Des captures d’écran permettent d’avoir une idée du résultat pour une requête comme ‘trouve les photos de mes amis avant 1999″.

C’est mignon, mais plutôt gadget : les vrais enjeux sont sur d’autres requêtes pour lesquelles Facebook est moins prêt et dispose moins de contenu pour l’instant. On en reparle plus loin.

La recommandation plutôt que la proposition ?

Le positionnement de Facebook par rapport à Google est le suivant.

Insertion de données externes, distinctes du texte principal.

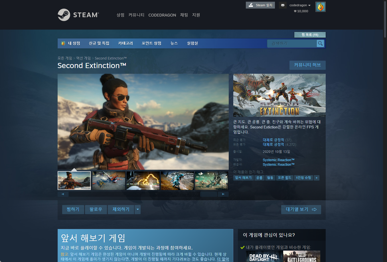 ₩26,000 -> ₩0(FREE) Second Extinction 세컨드 익스팅션 무료로 받기 영구소장; EGS 에픽 게임즈 epic games 한시적 무료 Get free copy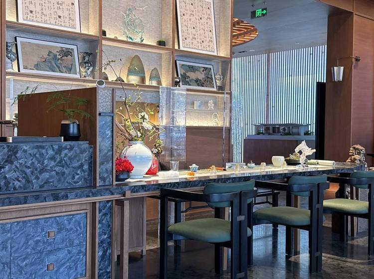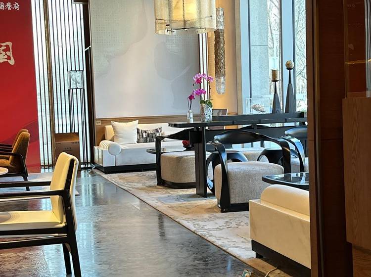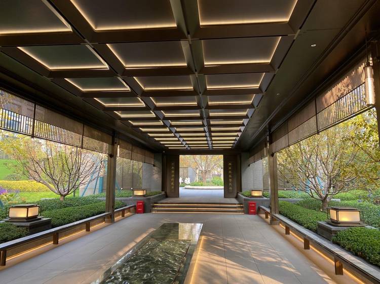 中式建筑讲究“图必有意,意必吉祥”,御道两侧分布十个柱体,底部的海棠格子花花纹,与侧面的海棠树和谐辉映;两侧的香槟金帷幔,定制宫灯,沉浸式体验盛唐皇家宫苑生活;御道中央水系极致精奢,运用3D打印和人工雕琢,可谓池水开朗,意蕴万千,点燃诗画雅境,承启国韵风华。如此大尺度的御道,在北京市场也是极其罕见的。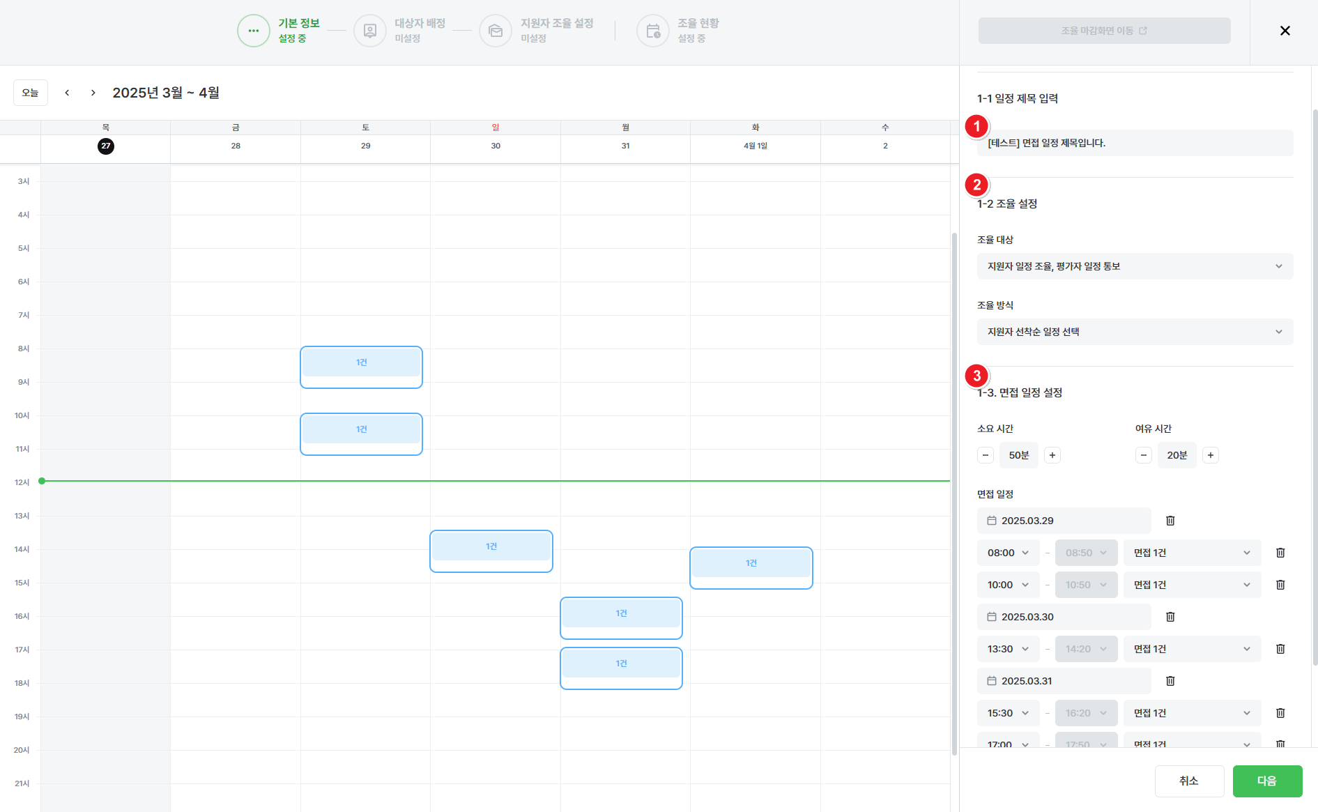 ✔️ 최초 일정은 캘린더에서 클릭하여 생성하고, 우측 메뉴에서 해당 시간에 대한 면접 건수를 설정합니다.

Lorsque vous effectuez une recherche sur Google, le moteur de recherche ne vous apporte pas de réponses, mais des pages pouvant comporter une réponse satisfaisante.

Sur Facebook, les recherches vous apporteront des recommandations directement liées à la formulation (indique moi tel type d’objet, de lieu que mes amis ont aimé). Le réseau social part du principe qu’on s’appuiera sur l’expérience ou la fiabilité de nos amis pour faire des choix.

Si aucune réponse ne peut être donnée par le Graph Search, c’est le moteur Bing de Microsoft qui prendra le relais pour afficher des réponses de façon plus traditionnelle.

Les 6 forces et faiblesses du Graph Search

Les enjeux sont importants car c’est un nouveau mode de recommandation qui pourrait émerger. Seulement, à côté d’atouts réels, il y des ombres au tableau.

1. Vos amis doivent liker à tout va

D’abord, il faudra avoir dans vos amis des « serial-likeur » pour obtenir des résultats significatifs et surtout intéressants. Sans cela, les contenus proposés en réponse seront peu nombreux ou peu qualitatifs.

Par contre, il est vrai que plus vos amis interagissent avec des contenus, avec des « objets » appartenant au Graph de Facebook (les lieux, personnes, entreprises, marques, et à terme des types de produits pourquoi pas), plus la recherche sociale prend du sens et devient intéressante.

2. Un like, ce n’est pas grand chose

La faiblesse du Graph Search restera principalement celle de sa pierre angulaire, le « Like » : pour certaines requêtes, il n’a pas beaucoup de valeur en soi et servira seulement à détecter des contacts intéressants pour approfondir le sujet en envoyant un message privé par exemple.

Un like est juste un clic, ça ne raconte pas grand chose. S’il n’est pas assorti à un commentaire instructif, une page suffisamment convaincante, il manque de consistance.

3. Les requêtes dévoilées pour l’instant sont parfois « gadget »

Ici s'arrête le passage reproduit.